Applying that inquiry to the claims before it, the Court held that the Simons’ FDCPA claims based on the law firm’s failure to personally serve the Rule 2004 notice and failure to include in the notice text describing the rights and responsibilities of the recipient did not conflict with the Bankruptcy Code or the Federal Rules and, therefore, reversed the dismissal of those claims.  However, the Court affirmed the dismissal of the FDCPA claim based on the law firm’s failure to include in its letter a warning that it was attempting to collect a debt because such a warning would have violated the Bankruptcy Code’s automatic stay provision, which forbids “any act to collect, assess, or recover a claim against the debtor . . . .”

The lesson for debt collectors in the Simon case is clear.  When communicating with a debtor in a bankruptcy proceeding, debt collectors must take the same care to comply with the FDCPA as they would when communicating with debtors outside of bankruptcy proceedings.

The Filed Rate Doctrine and “Secondarily Billed” Rates

By Stephen A. Fogdall and Christopher A. Reese

The filed rate doctrine holds that the reasonableness of insurance rates filed with and approved by a state insurance regulator cannot be challenged in court.  That doctrine ought to apply even when the cost of the insurance is passed on, or “secondarily billed,” by the insured to its own customers.  After all, if the rate itself is reasonable (as the filed rate doctrine holds), then it should not cease to be reasonable simply because it is passed on to someone else.

However, a judge in the United States District Court for the Southern District of New York recently held that the filed rate doctrine does not apply to secondarily billed rates.

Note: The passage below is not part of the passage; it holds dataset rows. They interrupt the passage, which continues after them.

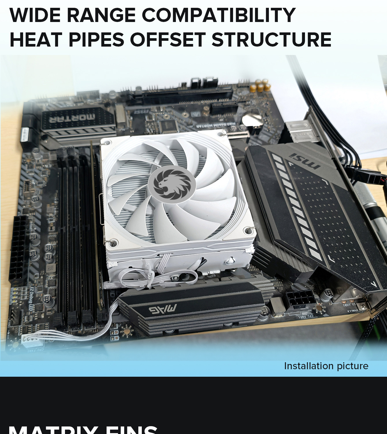 【Fins Bending Technology】The fins of this CPU Cooler adopt the bending technology that contributes to the good ventilation and heat conduction ability between the fins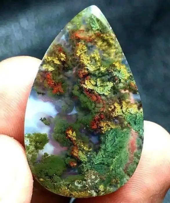 16. "Это моховой агат из Индонезии. На самом деле "мох" - это включения железа и других минералов, из-за которых кажется, будто внутри камня есть секретный лес"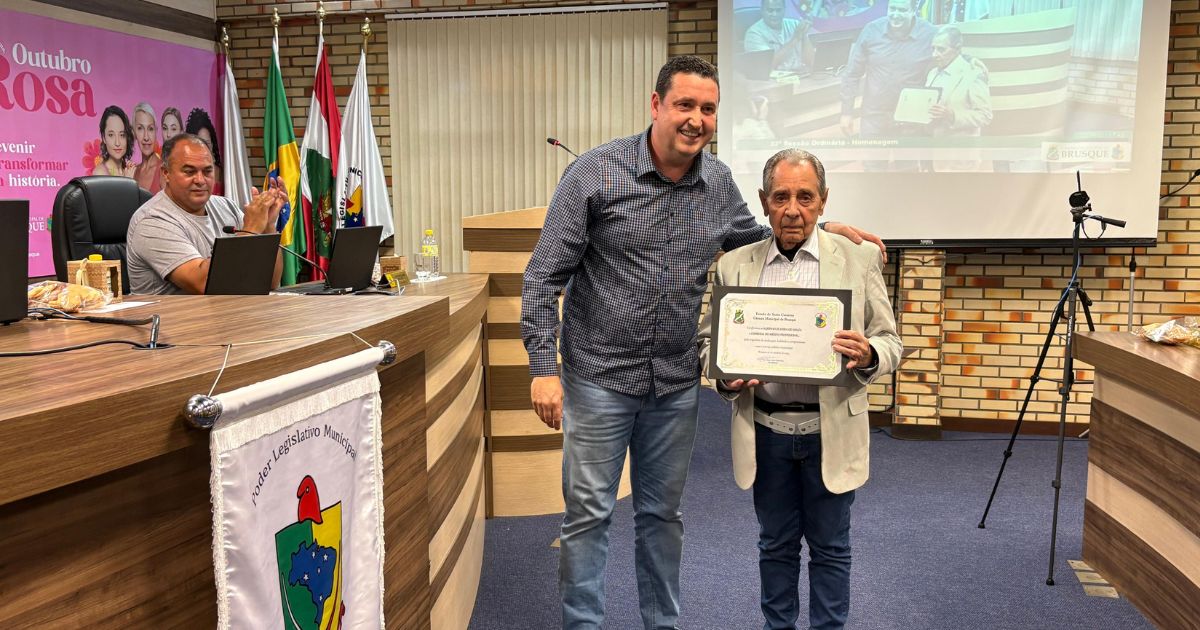 Além da homenagem do Legislativo, Aurinho recebeu uma comenda da Prefeitura de Brusque. Na placa, constam os nomes de todos os prefeitos que trabalhou.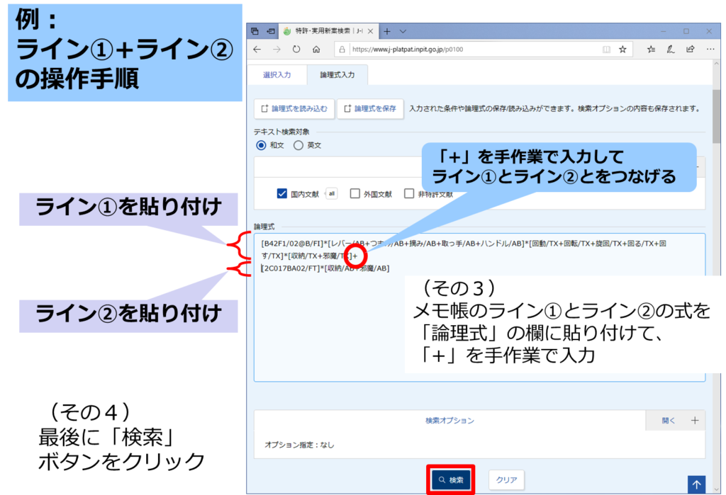 次に、メモ帳にコピーしたそれぞれの論理式を貼り付けて、ラインとラインの間を「+」でつなげれば、全てのラインを足し合わせた検索論理式となり、「検索」ボタンをクリックすると全ラインを足し合わせた回答集合が得られます。

The case, Rothstein v. GMAC Mortgage, LLC, is one of many involving force-placed hazard insurance.  Under the terms of most home mortgage loans, a borrower is required to maintain hazard insurance on the mortgaged property.  If the borrower allows the policy to lapse, the lender typically has the right to purchase such insurance at the borrowers’ expense.

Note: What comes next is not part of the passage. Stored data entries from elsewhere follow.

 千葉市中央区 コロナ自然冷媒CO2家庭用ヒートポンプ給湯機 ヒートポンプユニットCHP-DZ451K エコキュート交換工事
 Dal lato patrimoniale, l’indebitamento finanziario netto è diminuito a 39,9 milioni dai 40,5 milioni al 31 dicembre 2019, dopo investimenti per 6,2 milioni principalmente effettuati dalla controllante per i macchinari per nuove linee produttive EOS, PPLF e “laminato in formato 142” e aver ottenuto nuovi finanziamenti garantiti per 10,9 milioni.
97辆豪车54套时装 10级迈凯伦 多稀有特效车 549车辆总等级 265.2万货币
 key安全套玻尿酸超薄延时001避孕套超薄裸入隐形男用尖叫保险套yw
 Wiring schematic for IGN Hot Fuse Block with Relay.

A spate of cases has been filed in the last few years alleging various improprieties in connection with force-placed insurance, including that the lender wrongly purchased backdated coverage, or that it purchased more coverage than it needed to, or that the insurer paid kickbacks to the lender as an inducement to purchase the insurance.  The plaintiffs in the Rothstein case made allegations like this, asserting claims under RICO and the Real Estate Settlement Procedures Act.

The defendants in Rothstein moved to dismiss the plaintiffs’ claims in part on the grounds that they were challenging the reasonableness of the rates the insurer charged for the force-placed insurance.  Because these rates were approved by state regulators, the defendants argued that the filed rate doctrine barred the plaintiffs’ claims.

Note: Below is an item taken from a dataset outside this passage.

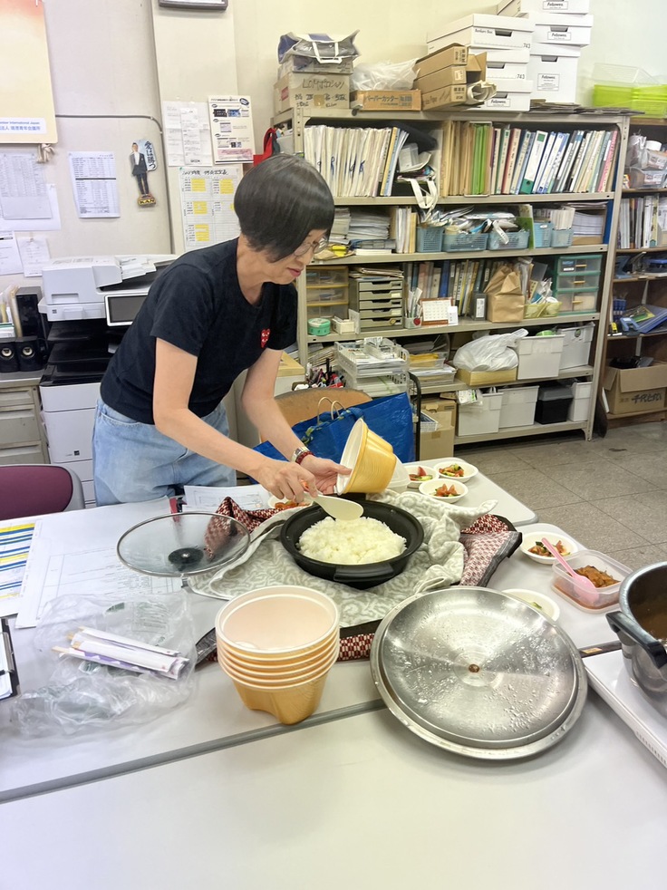 なんと今日の準備委員会には事務のお姉さまよりカレーの差し入れがありました!みんなで美味しくいただいてから作業開始となりました。このカレー、委員長の頑張りを認められた事業が佳境に入ってくると差し入れてもらえるというレアもの!夏野菜とひき肉がたっぷり入ってとても美味しかったです。

The court rejected this argument.  Although the insurer’s rates were filed with and approved by insurance regulators, the insurer did not charge those rates directly to the plaintiffs.  Instead, the insurer charged the lender, who passed the cost on to the plaintiffs.  The court held that this “secondary billing” of the rates defeated the filed rate doctrine.

The motivation for such a “secondary billing” exception to the filed rate doctrine is less than clear.  The filed rate doctrine is based on the principle that courts should not second guess the reasonableness of rates approved by an expert administrative agency.  That rationale is not diminished simply because the insured has passed on the cost to its customers.  Moreover, if the insured does not pass the cost of the insurance directly on to its customers, it presumably will have to charge more for some other service or product to make up the difference.  That outcome does not appear to be any better for the customers, yet that is precisely the result the court’s ruling in Rothstein incentivizes.